As a professional design engineer, I don’t expect the typical inventor to do their own CAD design any more than a doctor expects his patients to do their own stitches.  It’s not that you couldn’t, it’s just generally a painful route.  But, like your doctor, designers need critical input and feedback from you throughout the design process.  Here are four tips for entrepreneurs seeking to maximize the creative design process.

  1. Write it down

    Establishing a vision match with your design team is like picking the corner stone for a building.  It all lines up from there, so be specific and don’t rush.  In what is often called a requirements document, the inventor needs to describe what customer problem a product solves, and what success metrics will be used.  Requirements cover both business and technical topics.  Discuss these requirements with your team, and make sure they can re-iterate them with understanding.  The format isn’t important, and yes the requirements may change along the way, but what’s most important is that they are discussed, understood, and agreed upon.

  2. Be descriptive beyond words

    Do you like writing?  I hope so, because if a picture takes 1000 words, a fully engineered, manufacturing ready 3D model takes 1000^3. That’s a billion for the non enginerds out there.  You and your design team can save a lot of word time by using pictures to communicate.  You probably expect your CAD designer to send you screenshots and an Autodesk® Design Review or SolidWorks® eDrawings® file to review as your design progresses.  But, have you considered that your feedback can also be visual?  I love it when my clients find pictures of colors, materials, and shape online to guide our discussions.  I also instruct them to sketch their change requests right on top of the screenshots I send.  They can use the 3D Design Review or eDrawigns file to take their own screenshots to point out question areas.  I’ve had clients build models out of clay to show me on a video call.  All of these techniques cut down discussion time by clearly articulating concepts visually.
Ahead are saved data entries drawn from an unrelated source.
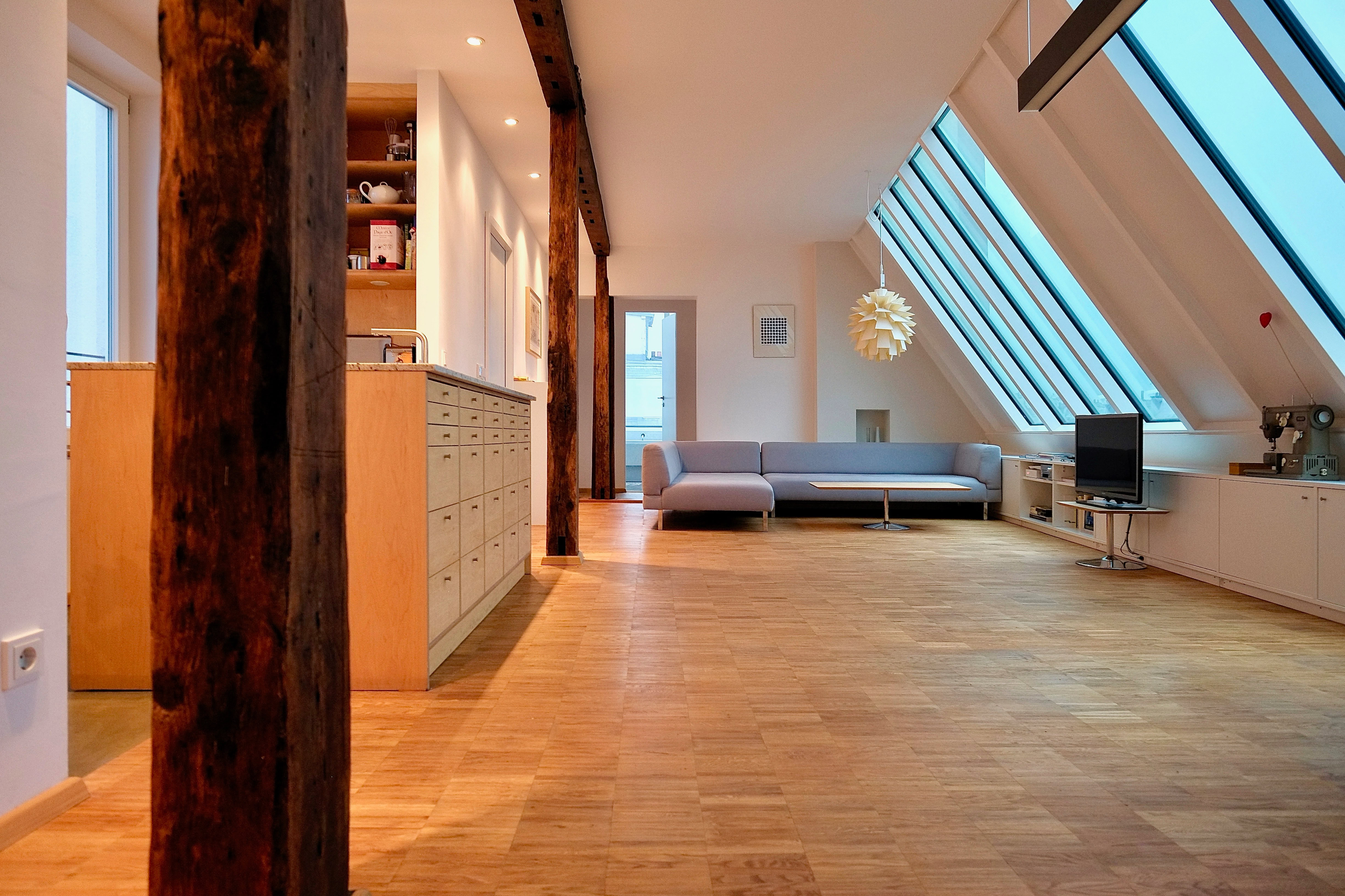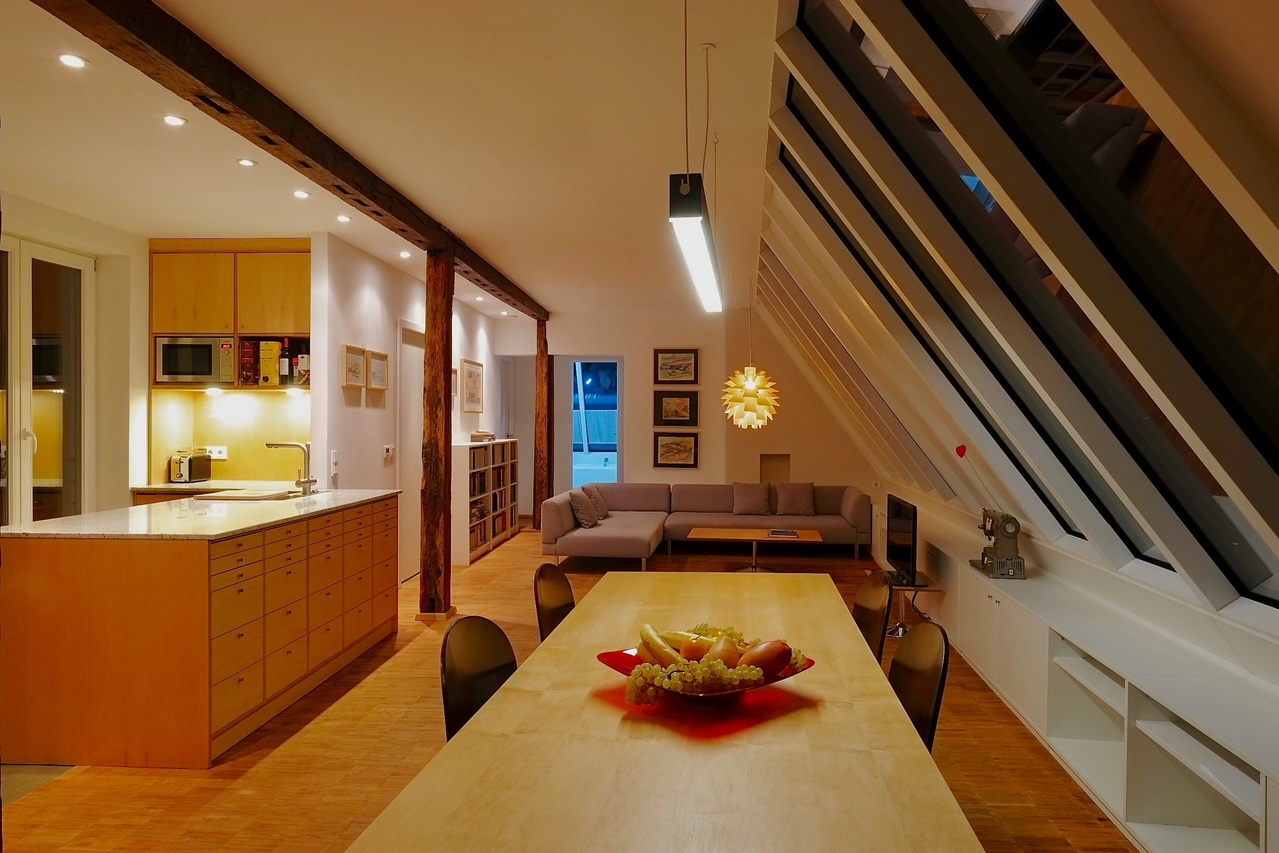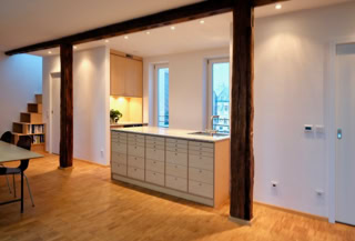 Die alten Stützen und Deckenbalken aus Eichenholz und unterstreichen die Längsausrichtung des Raumes. Im Wohnbereich erzeugen Einzelleuchten ein angenehmes Licht, im Bewegungsbereich und über der Küchenarbeitsplatte sorgen Deckeneinbaustrahler für Helligkeit.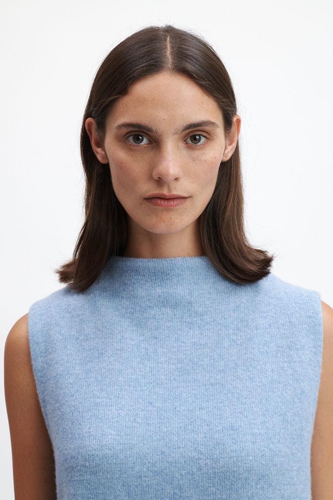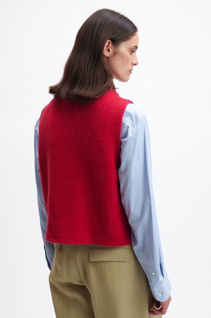 Der Pullunder kommt in einer geraden, leicht verkürzten Passform.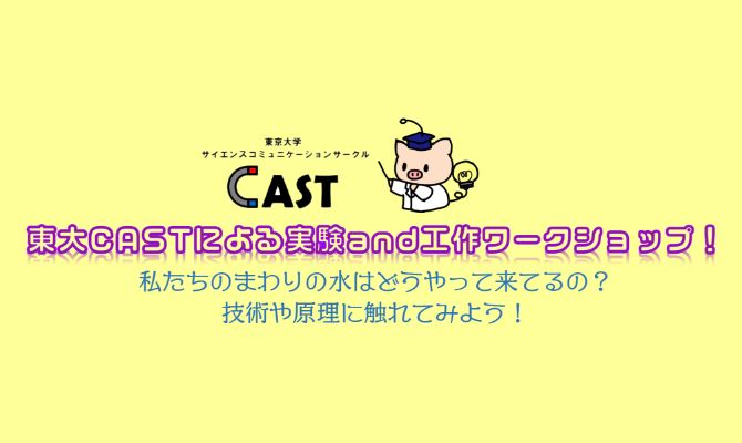 メディアやイベントに多数出演経験のある、現役大学生サークル「東大CAST」を講師に迎え、中学生・高校生、または中学生・高校生を含む家族を対象に、水の実験や顕微鏡の工作を通して下水道や身の回りの生活について考え、学びます!ぜひご参加下さい!!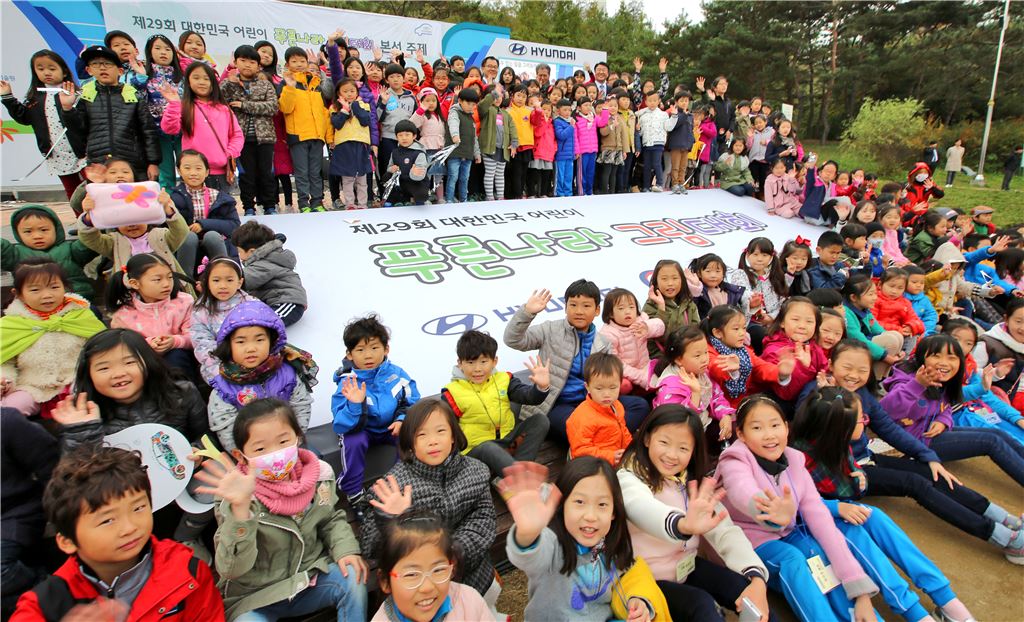 현대자동차는 환경보전협회와 공동으로 유치원생과 초등학생이 참여하는 '제29회 대한민국 어린이 푸른나라 그림대회'를 29일 개최했다. 사진은 제29회 대한민국 어린이 푸른나라 그림대회에 참가한 어린이들이 기념촬영을 하고 있는 모습.<br /> <br />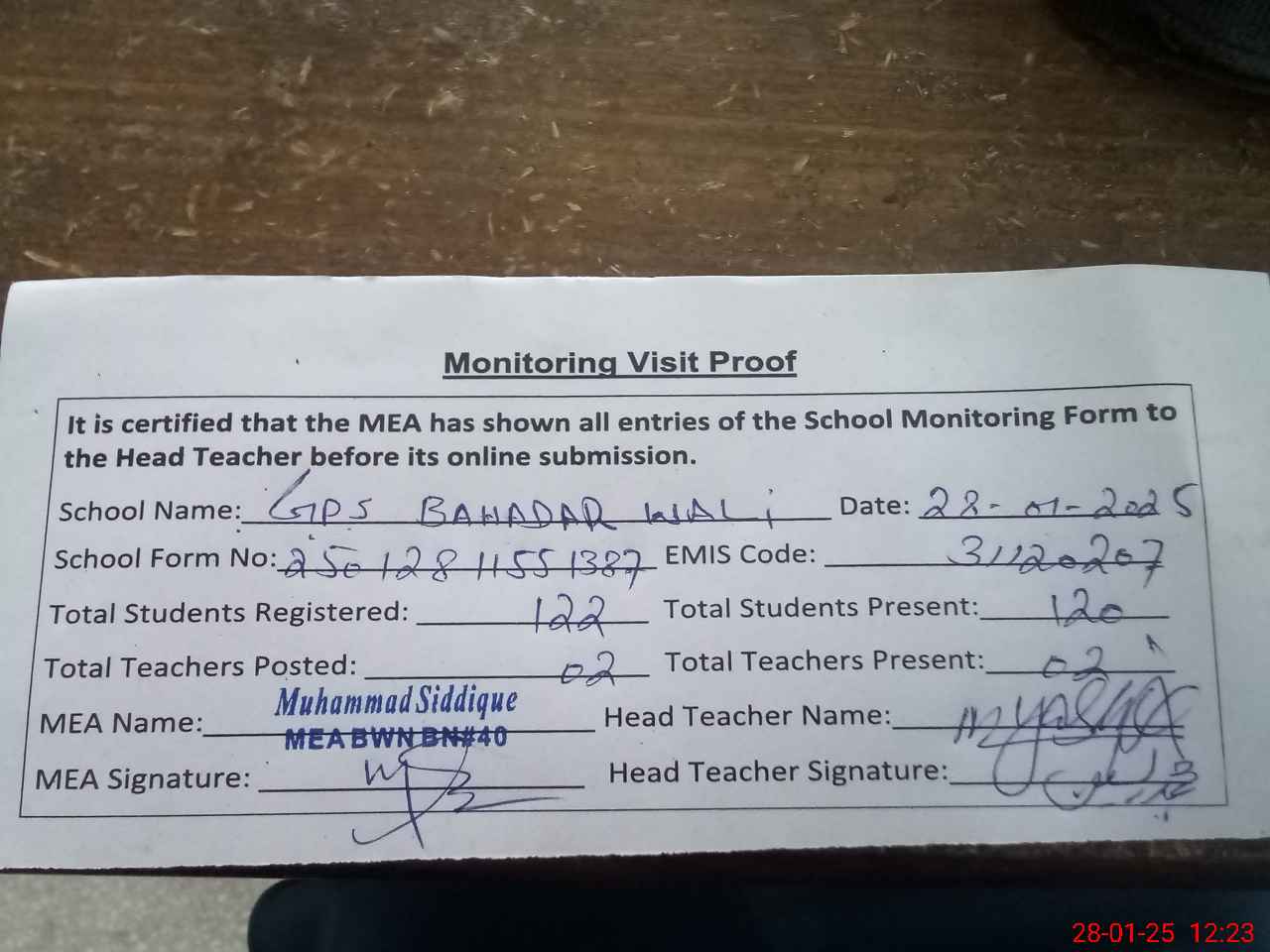 | EMIS Code: 31120207 | Name of School: GPS BAHADAR WALI | |||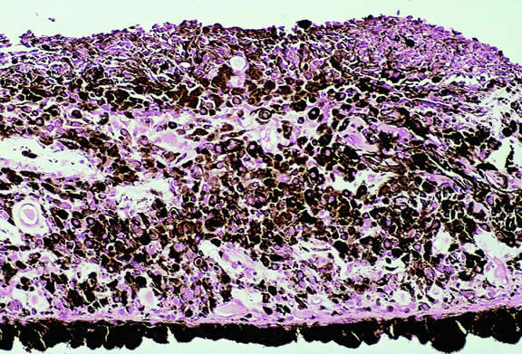 melanin pigment granules or melanosomes in the cytoplasm of the melanocytes.1 The pigment may protect against the development of uveal tumors, because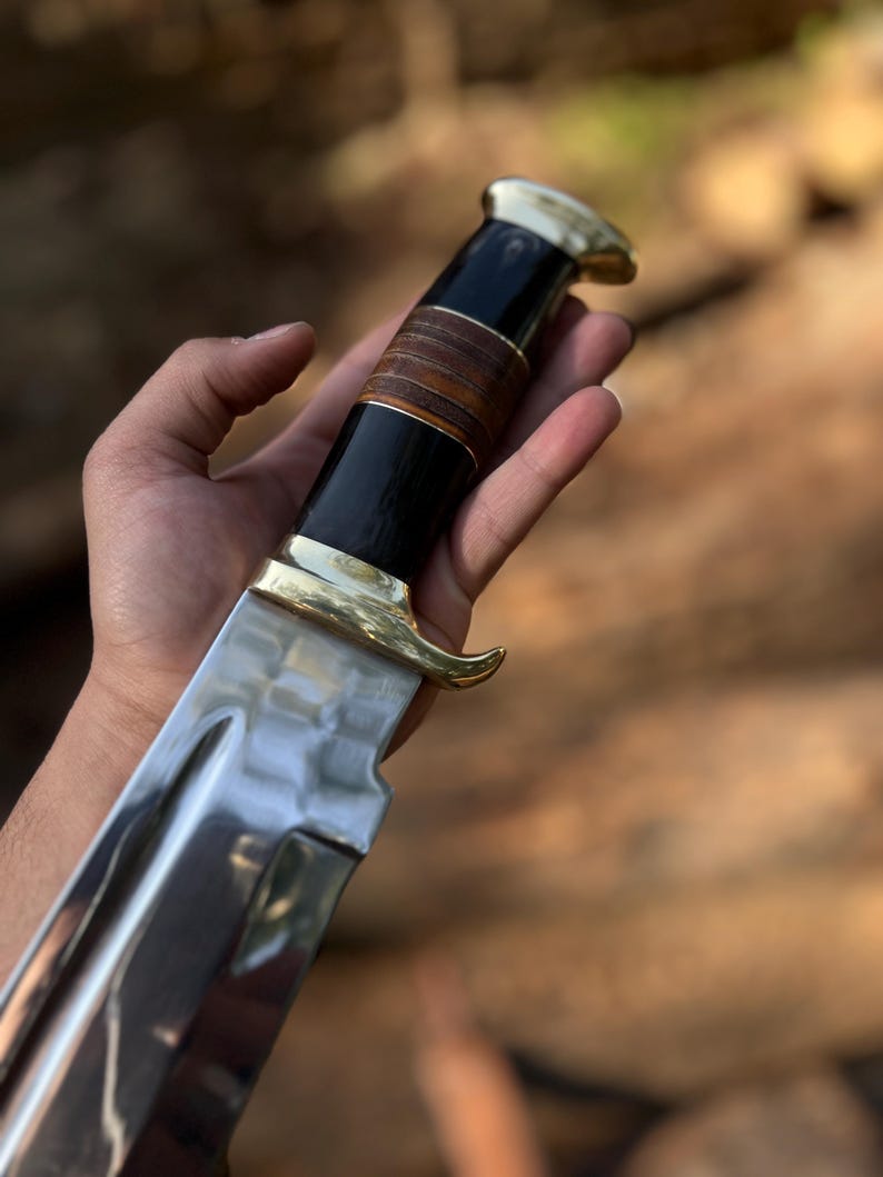 Rankų darbo D2 plieno Bowie peilis su makštimi

  3. Design for manufacturing

    For many, manufacturing is such a costly part of bringing a product idea to market that they have to raise investment funds.  Some individuals take a licensing approach and pass the burden on to another company, along with a majority of the profitability.  No matter which route you take, realize your design will determine your manufacturing costs well before you start seeking production volume bids.  Routinely ask your design engineers, “How will we manufacture that?”  Spend time learning about the materials and fabrication techniques recommended.  Keep track of your expected volume and unit cost projections as a design advances.  By the time you are done with your design team, you should know enough about the manufacturing process of your product to start contacting suppliers yourself.  If you don’t like their manufacturing bids, they will simply tell you to go back and change the design.

  4. Predict performance

    Product sales are difficult to judge before you have a product to show. Product performance goals are often not measured until a physical prototype exists.  Even then it may not perform the way a mass production version will.  With modern technology, you don’t really have to wait until a prototype is done to start collecting performance data.  You should be showing trusted advisers photorealistic renderings of your product during the design cycle, when their input can be incorporated most cost effectively.  Your engineers should be telling you exactly how much your product will weigh well before you hold it.  They have technology that can tell you how long your product will last using material A vs material B. Such research and analysis can be costly and time consuming, but consider this truth:

    Knowing the answers to performance questions gets easier with time, however improving the answers gets more difficult.